A lot of this cannot be changed, but we sat down and talked about what we both want and need out of our creative work, and we hatched an idea. We want to work together, really together, so we’ll start of a morning with the same piece of paper, get the words and images planned, and then over the day Tom can make a page. The rest of our work commitments mean that we might have one or two days in a month when we can work this way. It is enough.

A week or so ago we took a day, and made a comics page from scratch, for a new title – The Unreal Estate. We’re both very fond of Under Milk Wood, this is nothing like that, except that there is a debt owed… it’s modern, urban, and very strange. It allows both of us to push the edges of our ideas and creativity, which is great, and whether it turns into anything doesn’t matter, because the method of working is nourishing and gives us something we need. I realise that just a small amount of the really soulful work is enough, I can spend most of my time on dull necessities if needs be, so long as I have a little bit of time to follow my heart. It’s liberating.

I’m still exploring how I want to work and what I need to do, working out what is both desirable to others and meaningful to me. I think there are balances that can be struck. I think there are things I am driven to create that other people enjoy.
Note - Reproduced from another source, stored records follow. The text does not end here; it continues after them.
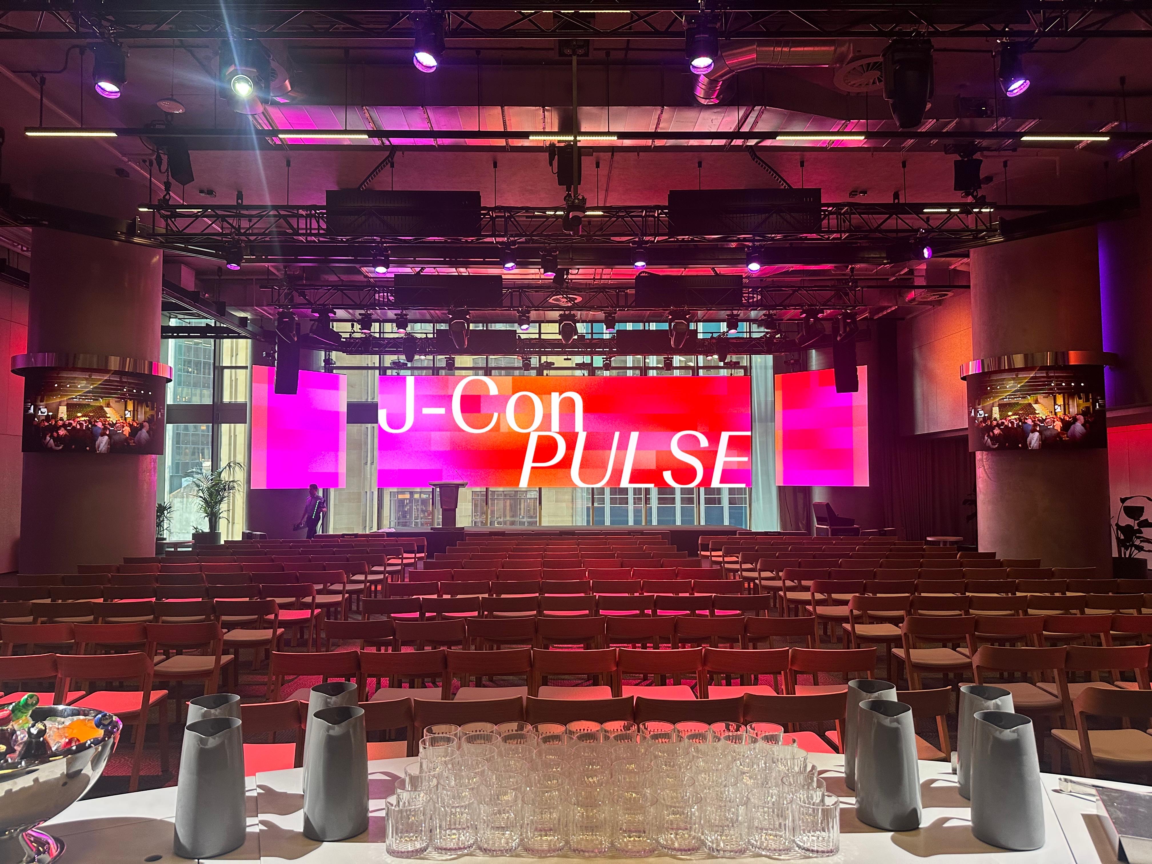 A high spec, flexible, built- in audio visual offering including large format LED presentation screens, curved column screens, hybrid-enabled video conferencing facilities and speaker lectern
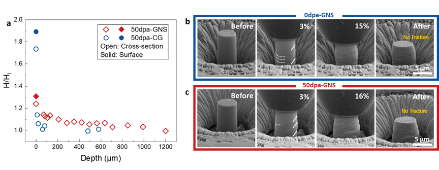 研究團隊通過表面納米化技術在廣泛應用于核反應堆的304NG中制備了由高密度層錯、低能界面和位錯網絡等結構特征組成的納米結構,使得該材料具有優異的抗輻照能力。例如,在室溫超高劑量(155 dpa)輻照后,GNS 304NG樣品中的輻照缺陷密度和尺寸僅為粗晶樣品中的3.8%和63%;在高溫(450 °C)輻照時GNS 304NG樣品也同樣表現出比粗晶樣品更為優異的抗輻照性能。結合微觀結構表征和分子動力學模擬,研究團隊發現,GNS 304NG優異的抗輻照性能與輻照誘發的自適應馬氏體相變密切相關:輻照缺陷與材料中預制的層錯相互作用而誘發馬氏體相變,加速輻照缺陷的消失;此外,高密度層錯還促使馬氏體相向周圍不斷拓展,在加速消耗輻照缺陷的同時形成連續分布的馬氏體相。進一步的微納力學實驗證實,GNS 304NG中大規模的自適應馬氏體相變不會造成材料力學性能的惡化,將傳統上輻照誘發馬氏體相變造成材料脆化這一有害過程轉變為一個有益的過程。由于自適應馬氏體相變機制在從低劑量到極高劑量、從低溫到高溫的輻照下均保持有效,加之所采用的表面納米化技術具有低成本和工業上易于實現的特點,本工作表明,將表面納米化技術與自適應馬氏體相變結合,可為現行及未來核設施提供一種大幅提升抗輻照能力的策略,應用于奧氏體不銹鋼及鈦合金等在輻照下可發生馬氏體轉變的金屬材料中。
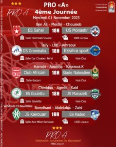 Tunisie-Tribune (Basket – Championnat Pro A)- Ci-après le programme des matches de la quatrième journée du Championnat Pro A 2023, publié par la FTBB, et qui auront lieu ce mercredi 1er novembre :
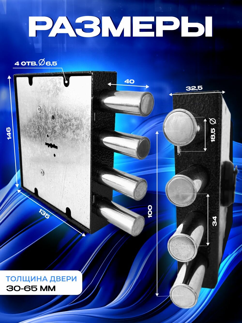 Замок - 1шт. Ключи - 4шт. Ответная планка - 1шт. Накладка наружная - 1шт. Крепеж- 1шт. Руководство по эксплуатации- 1 шт.
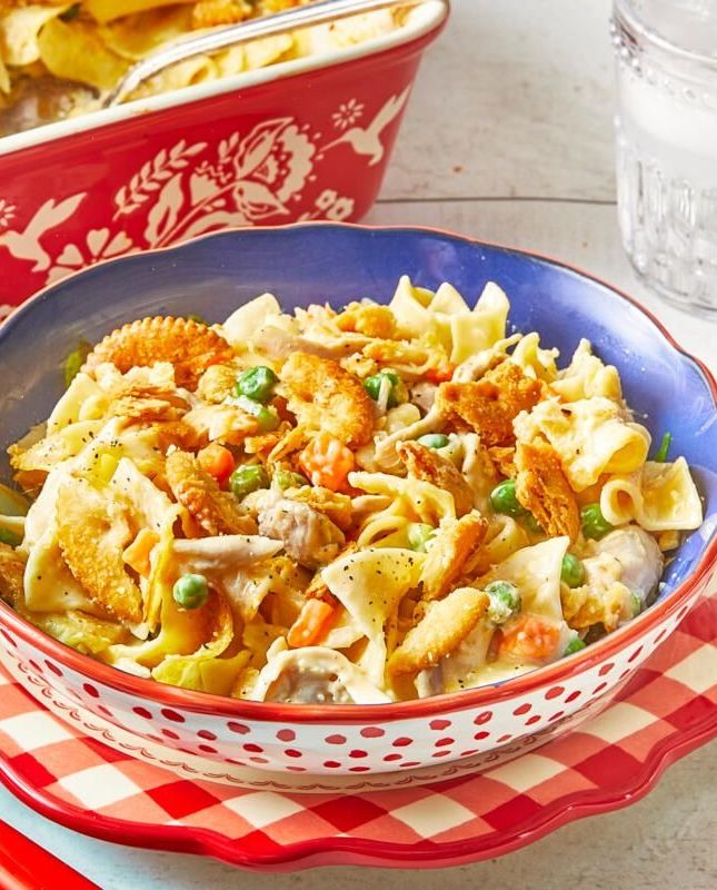 2. 2Stir together the cream of chicken soup, milk, cheese, pepper, and salt in a large bowl. Stir in the chicken, onion, celery, peas, and carrots. Gently fold in the egg noodles. Transfer mixture to a 13-by-9-inch baking dish and spread in an even layer.
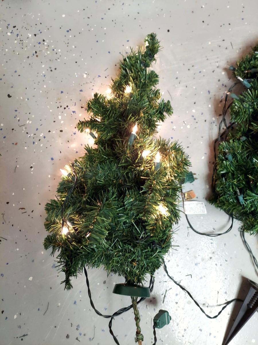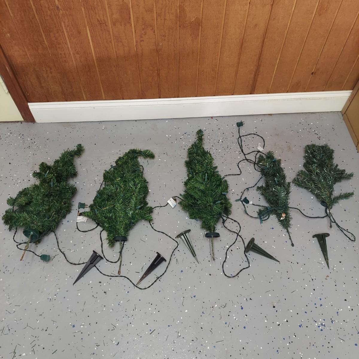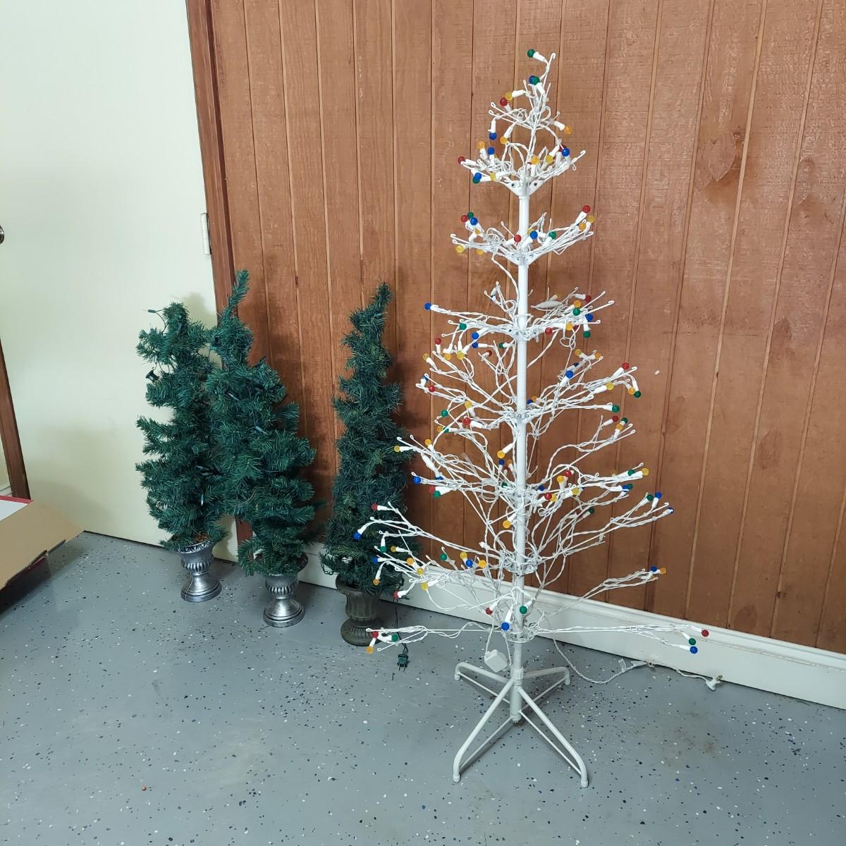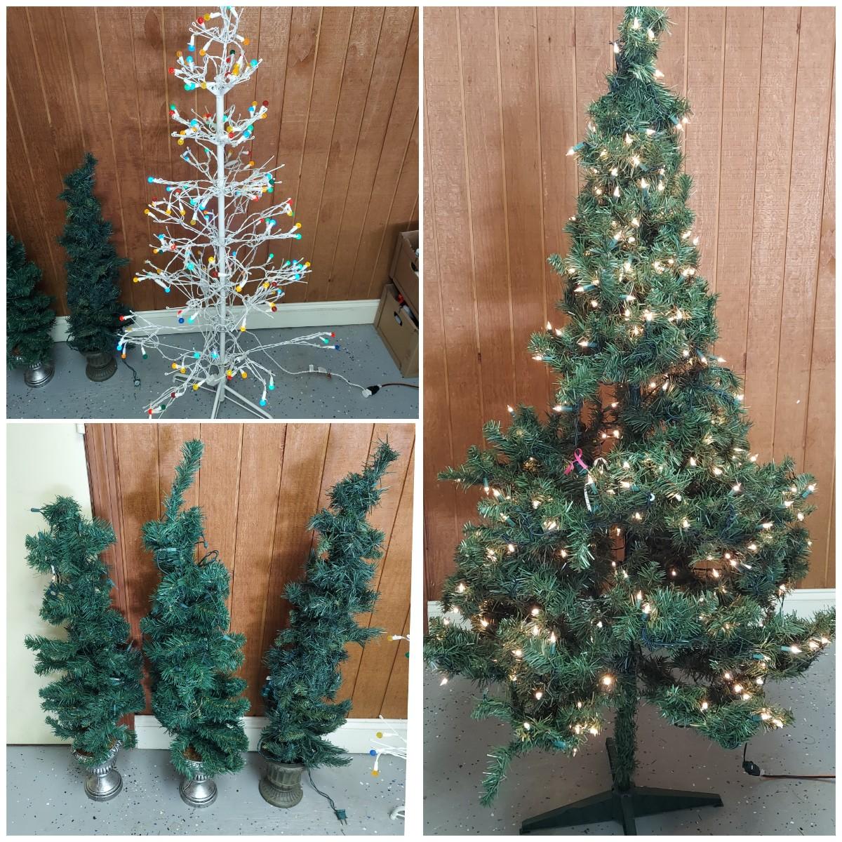 Lot includes two styles of Christmas trees, three potted topiary style trees and six small trees with yard stakes. The metal stick tree is 6'H and breaks down to two pieces plus the base. The 6.5"H faux tree is three pieces plus the base. The topiary trees are 42"H. All pieces are lighted. Each was plugged in and powered on. Local Pickup Only

Hopeless Maine has been a success on that score. It was made with love and a lot of people are responding to it. Tea Dragons (see some of them at http://www.copperage.deviantart.com) seem to be getting people excited too, so, more things like that (you’d like some insane Steampunk cats, wouldn’t you?). I’m hopeful that I can find ways to follow my own awen and make things other people benefit from. I don’t see much use in creating just for my own indulgence, nor do I see any point in making things that are saleable but soulless. Whatever I do has to tick both boxes, or I’d rather not do it at all. Having that clarity has been a great help to me.

So, here’s the thing we’re playing with, just one page so far, floating it out across the interweb to see if anyone enjoys it…

http://www.hopelessmaine.com/?p=994

(Do leave a comment on the comic if you stop by)


Learning how to work

At school I was taught to work hard, and our wider society also tells us that if we work hard enough, we can be successful and wealthy and have the good stuff. It took me a long time to realise this is bullshit. The biggest indicator of your likely financial success is still the wealth of your parents. This ‘work hard’ thing is mostly a myth that keeps a lot of poorer people running on the treadmills to the benefit of others, and provides a justification for denigrating the poor. If it’s your fault for not working hard enough, no one else has to step up to the issue of what you don’t have.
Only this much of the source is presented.